The present invention relates to a multi-speed transmission for transmitting power between a pair of shafts. In particular, the present invention relates to a multi-speed transmission wherein a uni-directional free wheeling mechanism is provided between a gear and its shaft so that the gear rotates freely about its shaft when the gear rotates in a preselected direction relative to the rotation of its shaft and so that the gear is locked to its shaft at all other times. As a result, only one gear set transmits power from an input shaft to an output shaft when a plurality of gears of the input shaft are interconnected to a plurality of gears of the output shaft.
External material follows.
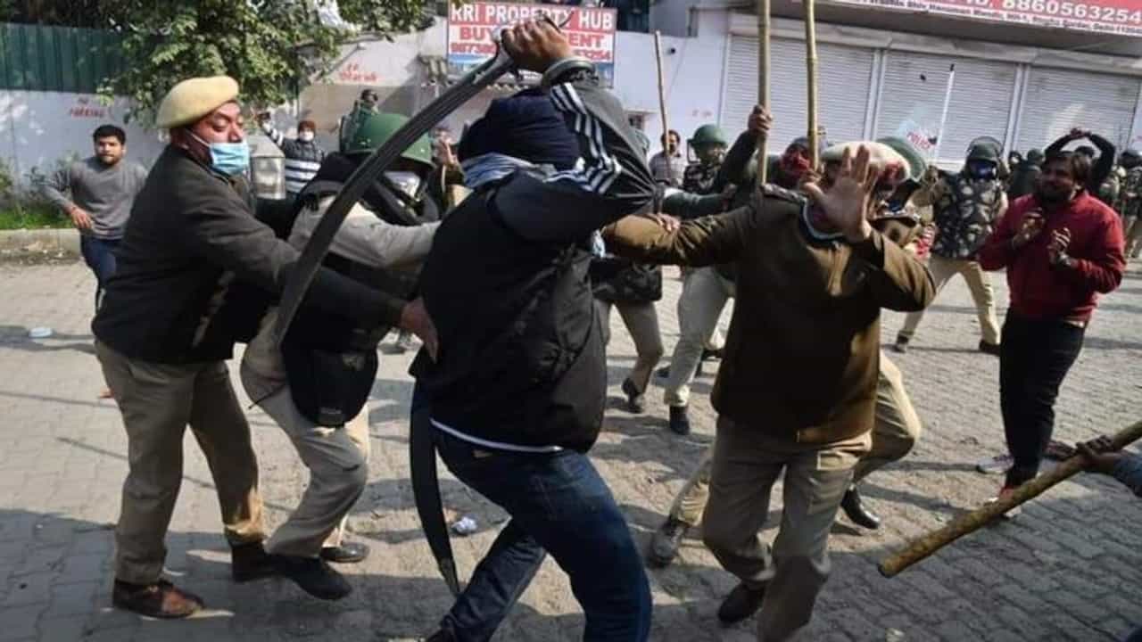 तलवार, लाठी-काठ्यांचा प्रहार, सिंघु बॉर्डरवर घमासान, स्थानिक विरुद्ध आंदोलक, पोलीस अधिकारी जखमी

Transmissions are utilized in a wide variety of vehicles and stationary equipment to transmit power and to change rotational speeds between input and output shafts. Generally, power is supplied to the input shaft either mechanically or non-mechanically. In applications where power is mechanically applied to the input shaft, a clutch mechanism is usually required to interrupt the transmission of power and to shift gear speeds.
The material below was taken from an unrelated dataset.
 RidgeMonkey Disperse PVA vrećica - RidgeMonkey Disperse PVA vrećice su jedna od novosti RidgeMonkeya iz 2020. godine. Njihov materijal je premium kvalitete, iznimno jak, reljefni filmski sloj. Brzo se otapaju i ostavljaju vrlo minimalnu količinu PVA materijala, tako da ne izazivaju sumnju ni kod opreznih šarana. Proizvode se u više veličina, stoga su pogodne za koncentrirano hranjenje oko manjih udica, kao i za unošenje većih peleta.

Bicycles are examples where the power supply is provided to the input shaft by non-mechanical means. As a result, the rotation of the input shaft may be easily interrupted without a clutch mechanism. Bicycles typically include chain derailleur mechanisms for shifting a drive chain from one sprocket to an adjacent sprocket to change speed ratios. Most multi-speed bicycles have derailleurs and multiple sprockets at both the front pedal hubs and rear wheel hubs to provide a variety of speed ratios. Furthermore, most chain sprocket systems may be shifted under full power.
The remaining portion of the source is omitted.